** Opening Provided entries block **
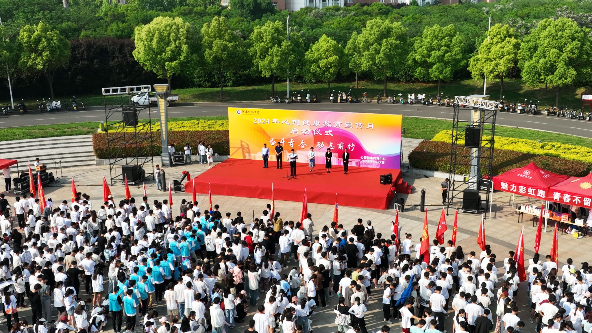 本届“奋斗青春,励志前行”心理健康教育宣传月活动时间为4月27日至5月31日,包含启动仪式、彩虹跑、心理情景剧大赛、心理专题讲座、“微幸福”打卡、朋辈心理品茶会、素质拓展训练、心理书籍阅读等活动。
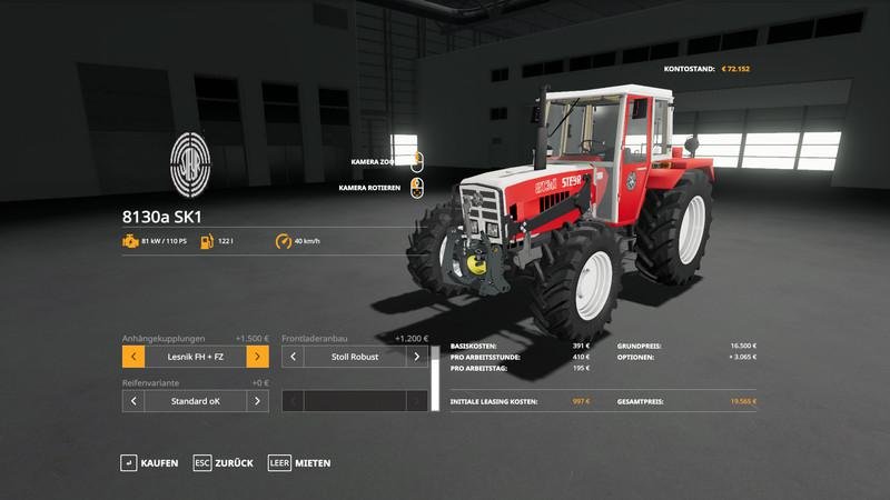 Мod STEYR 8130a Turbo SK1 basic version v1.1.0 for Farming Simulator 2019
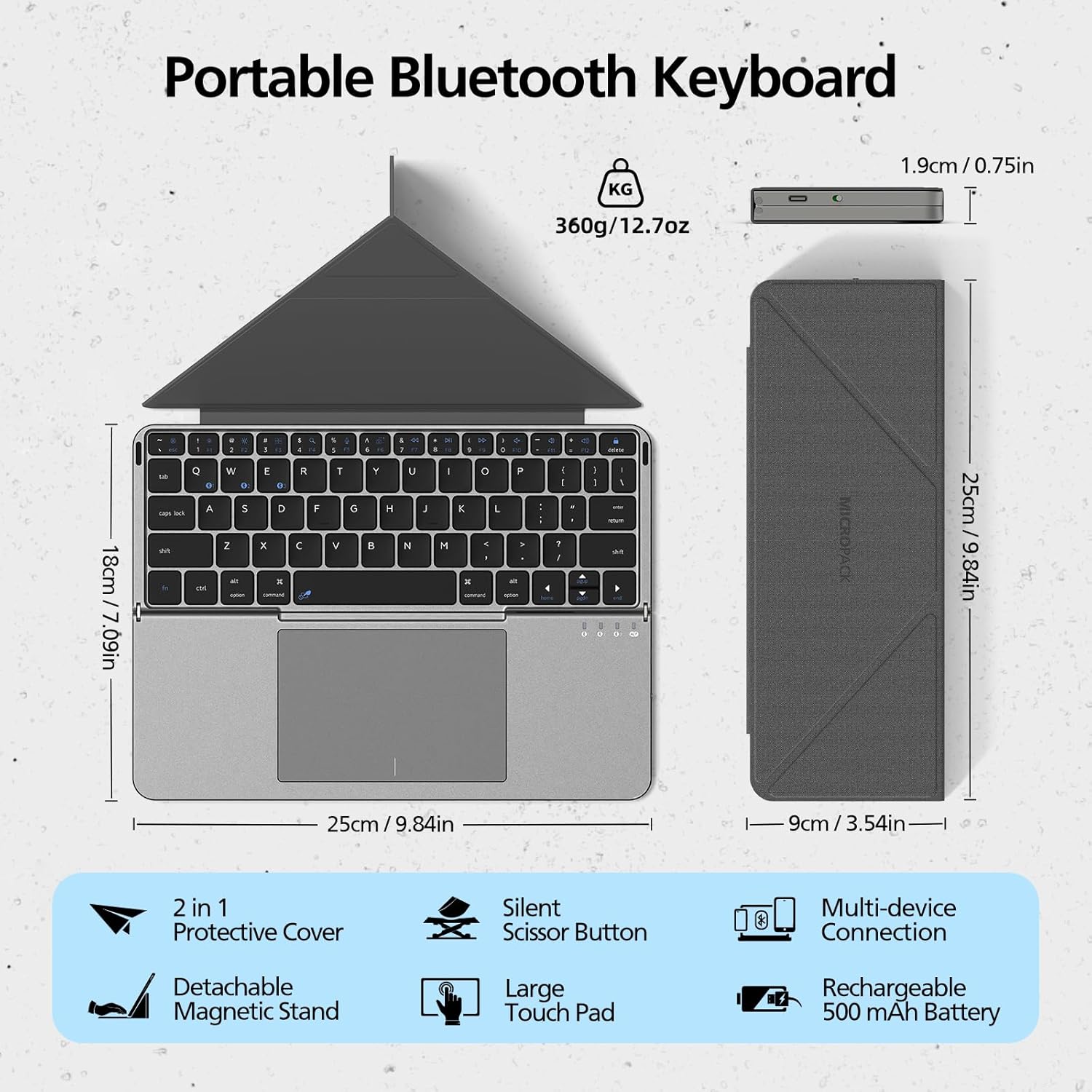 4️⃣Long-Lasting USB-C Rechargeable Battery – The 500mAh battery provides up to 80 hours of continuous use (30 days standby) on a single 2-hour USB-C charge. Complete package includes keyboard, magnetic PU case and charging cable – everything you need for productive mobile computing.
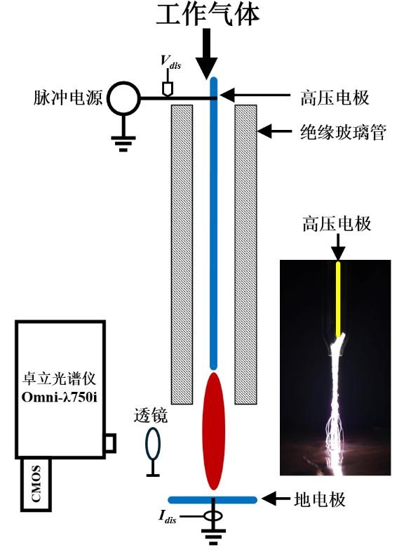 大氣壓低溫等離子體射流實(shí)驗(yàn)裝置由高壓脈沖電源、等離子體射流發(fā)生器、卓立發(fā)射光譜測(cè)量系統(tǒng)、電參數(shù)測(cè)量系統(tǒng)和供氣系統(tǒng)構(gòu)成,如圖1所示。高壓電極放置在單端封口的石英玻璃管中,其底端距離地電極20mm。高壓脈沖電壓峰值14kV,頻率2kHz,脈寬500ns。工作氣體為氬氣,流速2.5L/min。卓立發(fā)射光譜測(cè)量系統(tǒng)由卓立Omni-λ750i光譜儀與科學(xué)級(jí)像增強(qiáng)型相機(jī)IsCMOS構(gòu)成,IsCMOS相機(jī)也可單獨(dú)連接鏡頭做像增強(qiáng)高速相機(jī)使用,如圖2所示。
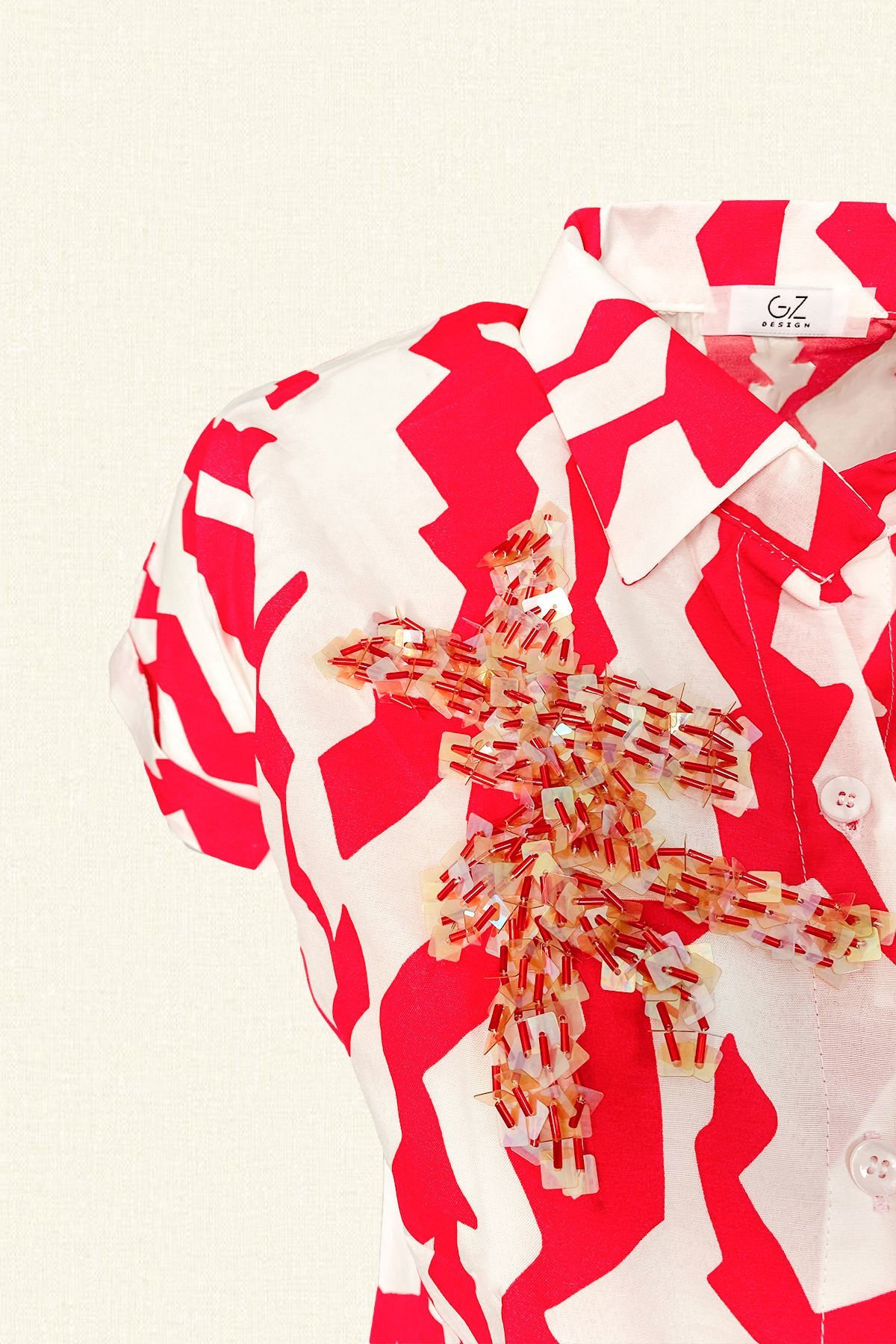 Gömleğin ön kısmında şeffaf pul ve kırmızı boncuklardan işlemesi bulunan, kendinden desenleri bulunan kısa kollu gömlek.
** Closing Provided entries block **
* What to produce *
Copy every record verbatim while leaving each picture out.

* Exercise answer *
 本届“奋斗青春,励志前行”心理健康教育宣传月活动时间为4月27日至5月31日,包含启动仪式、彩虹跑、心理情景剧大赛、心理专题讲座、“微幸福”打卡、朋辈心理品茶会、素质拓展训练、心理书籍阅读等活动。
 Мod STEYR 8130a Turbo SK1 basic version v1.1.0 for Farming Simulator 2019
 4️⃣Long-Lasting USB-C Rechargeable Battery – The 500mAh battery provides up to 80 hours of continuous use (30 days standby) on a single 2-hour USB-C charge. Complete package includes keyboard, magnetic PU case and charging cable – everything you need for productive mobile computing.
 大氣壓低溫等離子體射流實(shí)驗(yàn)裝置由高壓脈沖電源、等離子體射流發(fā)生器、卓立發(fā)射光譜測(cè)量系統(tǒng)、電參數(shù)測(cè)量系統(tǒng)和供氣系統(tǒng)構(gòu)成,如圖1所示。高壓電極放置在單端封口的石英玻璃管中,其底端距離地電極20mm。高壓脈沖電壓峰值14kV,頻率2kHz,脈寬500ns。工作氣體為氬氣,流速2.5L/min。卓立發(fā)射光譜測(cè)量系統(tǒng)由卓立Omni-λ750i光譜儀與科學(xué)級(jí)像增強(qiáng)型相機(jī)IsCMOS構(gòu)成,IsCMOS相機(jī)也可單獨(dú)連接鏡頭做像增強(qiáng)高速相機(jī)使用,如圖2所示。
 Gömleğin ön kısmında şeffaf pul ve kırmızı boncuklardan işlemesi bulunan, kendinden desenleri bulunan kısa kollu gömlek.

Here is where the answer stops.